• _RECORD EXCERPTS_
====
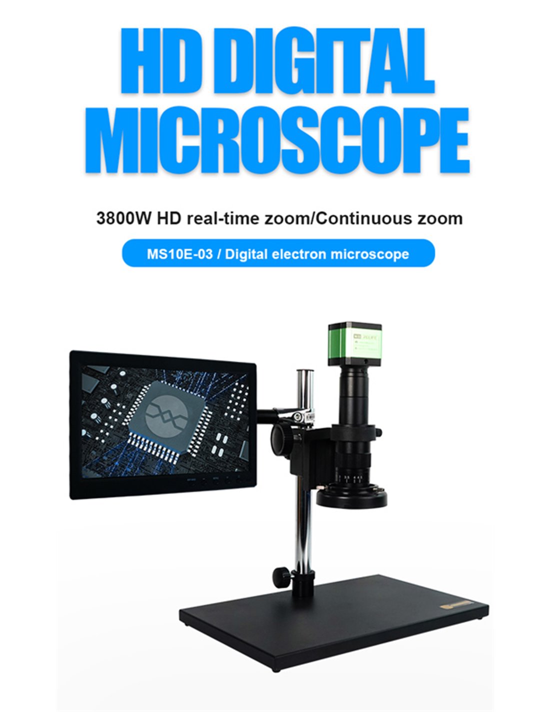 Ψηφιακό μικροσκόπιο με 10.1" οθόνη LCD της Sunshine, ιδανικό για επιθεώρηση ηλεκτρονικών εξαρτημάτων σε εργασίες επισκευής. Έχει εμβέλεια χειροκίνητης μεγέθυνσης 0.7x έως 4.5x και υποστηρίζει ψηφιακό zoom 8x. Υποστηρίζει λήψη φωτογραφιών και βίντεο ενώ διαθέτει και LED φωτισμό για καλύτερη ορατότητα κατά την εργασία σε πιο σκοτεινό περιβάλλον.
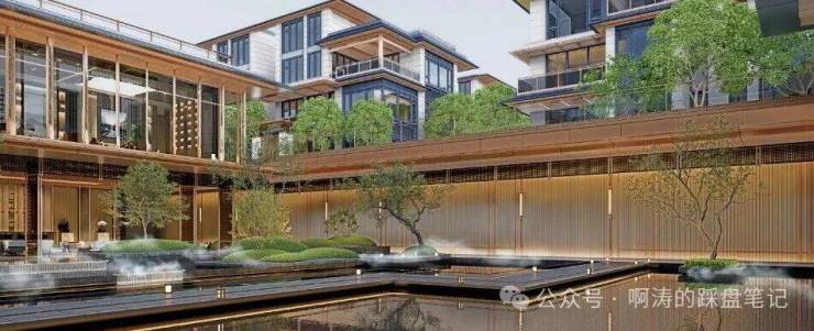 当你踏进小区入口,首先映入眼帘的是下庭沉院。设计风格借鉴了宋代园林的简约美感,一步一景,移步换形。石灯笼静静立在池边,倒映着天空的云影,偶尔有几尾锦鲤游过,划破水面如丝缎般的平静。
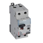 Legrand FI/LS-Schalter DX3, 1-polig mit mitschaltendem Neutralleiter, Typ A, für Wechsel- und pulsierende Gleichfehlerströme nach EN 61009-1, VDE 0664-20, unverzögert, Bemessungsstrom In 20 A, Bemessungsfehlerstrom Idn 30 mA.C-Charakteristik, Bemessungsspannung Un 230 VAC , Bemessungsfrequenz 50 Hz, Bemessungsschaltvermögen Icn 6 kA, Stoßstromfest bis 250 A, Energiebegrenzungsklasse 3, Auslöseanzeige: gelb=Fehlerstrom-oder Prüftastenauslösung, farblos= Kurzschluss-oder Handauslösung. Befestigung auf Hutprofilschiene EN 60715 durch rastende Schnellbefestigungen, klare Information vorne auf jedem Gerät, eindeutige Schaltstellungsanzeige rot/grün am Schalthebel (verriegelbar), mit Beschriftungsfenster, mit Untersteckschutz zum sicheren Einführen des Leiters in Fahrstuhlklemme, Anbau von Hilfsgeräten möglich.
====
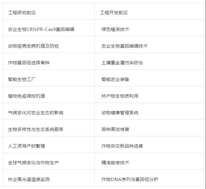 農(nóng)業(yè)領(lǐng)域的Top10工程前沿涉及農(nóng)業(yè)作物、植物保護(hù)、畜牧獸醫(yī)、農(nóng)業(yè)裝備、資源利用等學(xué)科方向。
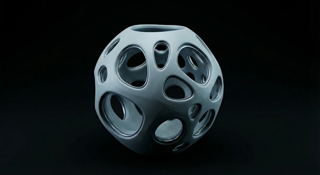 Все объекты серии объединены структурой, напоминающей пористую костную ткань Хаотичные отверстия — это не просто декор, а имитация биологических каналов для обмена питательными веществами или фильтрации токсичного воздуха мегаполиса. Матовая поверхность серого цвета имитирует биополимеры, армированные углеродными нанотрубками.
====
• _GOAL OF THE EXERCISE_
Go back to the listing above and write out the lines starting at the one with "Ψηφιακό μικροσκόπιο με" and ending at the one with "当你踏进小区入口,首先映入眼", inclusive, exactly and without pictures.

• _FINISHED TASK_
 Ψηφιακό μικροσκόπιο με 10.1" οθόνη LCD της Sunshine, ιδανικό για επιθεώρηση ηλεκτρονικών εξαρτημάτων σε εργασίες επισκευής. Έχει εμβέλεια χειροκίνητης μεγέθυνσης 0.7x έως 4.5x και υποστηρίζει ψηφιακό zoom 8x. Υποστηρίζει λήψη φωτογραφιών και βίντεο ενώ διαθέτει και LED φωτισμό για καλύτερη ορατότητα κατά την εργασία σε πιο σκοτεινό περιβάλλον.
 当你踏进小区入口,首先映入眼帘的是下庭沉院。设计风格借鉴了宋代园林的简约美感,一步一景,移步换形。石灯笼静静立在池边,倒映着天空的云影,偶尔有几尾锦鲤游过,划破水面如丝缎般的平静。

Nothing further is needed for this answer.